Shared-control strategies in Laparoscopic Liver surgery

Funding Entity: Ministry of Science, Innovation and Universities.
Reference: Research project PID2022-138206OB-C33
Participating entity: ITAP (Institute of Advanced Production Technologies), University of Valladolid.
Duration: 01-Septembery-2023 - 31-August-2026
Project coordinated with the Robotics Group of the University of Málaga and the Nbio group of “Miguel Hernández University” of Elche.


The general objective of this project focuses on the development of technologies for providing a robotic assistant for laparoscopic liver surgery with skills for helping in the resolution of bleeding events that occur during surgery, as well as the management of both an intraoperative ultrasound probe and the endoscope. All these functionalities will be integrated and validated under a cognitive scheme.

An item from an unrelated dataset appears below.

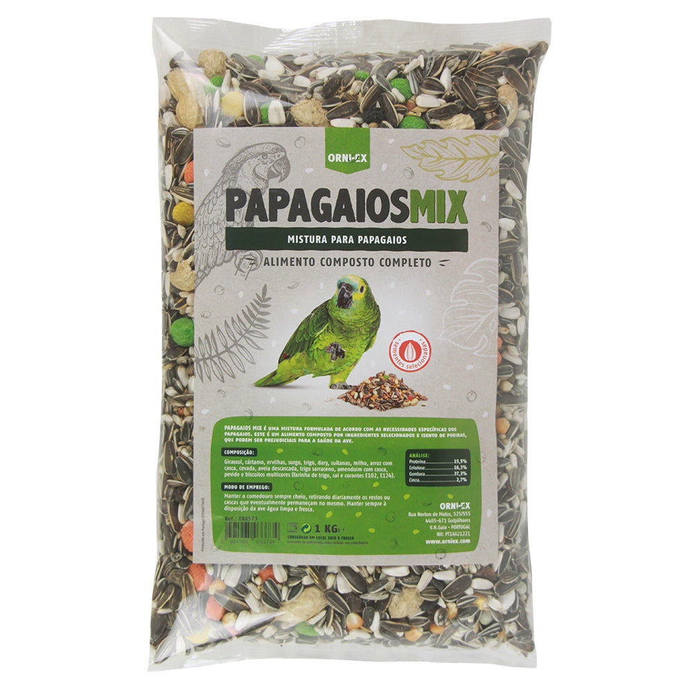 PAPAGAIOS MIX é uma mistura formulada de acordo com as necessidades específicas dos papagaios. Este é um alimento composto por ingredientes selecionados e isento de poeiras, que podem ser prejudiciais para a saúde da ave.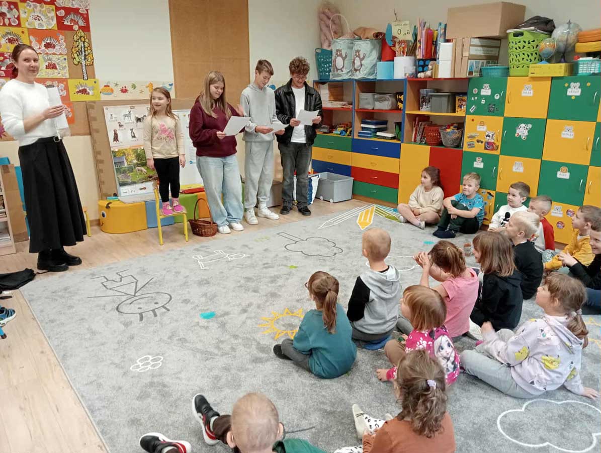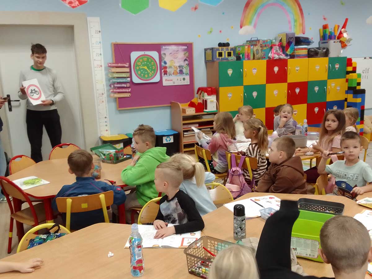 Uczniowie kl. 8a i 8b, Kacper Karwel, Mykhail Shpak, Julia Buraczewska, Michał Zieliński i Mikołaj Metelski, wybrali się ze swoimi wychowawcami do klas 0a i 0b, aby przypomnieć zasady bezpieczeństwa w ruchu drogowym.

The robotic system will work in two different stages; one preoperative and one operative, which will be managed by the human-machine interaction unit. In the first stage, it provides the functionalities for configuring the surgical space and a navigation interface, which allows the surgeon to plan certain manoeuvres and define the interaction with the robotic arms. On the other hand, it includes a learning system that teaches the robots how to carry out both bleeding assistance manoeuvres and intraoperative ultrasound probe movements. In the operative stage, the robotic system can detect bleeding situations in the liver, locate the source and activate the robotic assistance (autonomous actions of the robots and others in collaboration with the assistant or surgeon) that will consider the origin and severity of the bleeding. This robotic assistant carries out the autonomous manoeuvre according to preoperative learning, which is complemented using extended reality to facilitate the surgeon’s actions. Likewise, the human-robot interaction unit supervises the actions of the robots, so that, in case of failure, it can replan the manoeuvre or request for the assistant’s help for moving an arm by directly assisted tele-operation.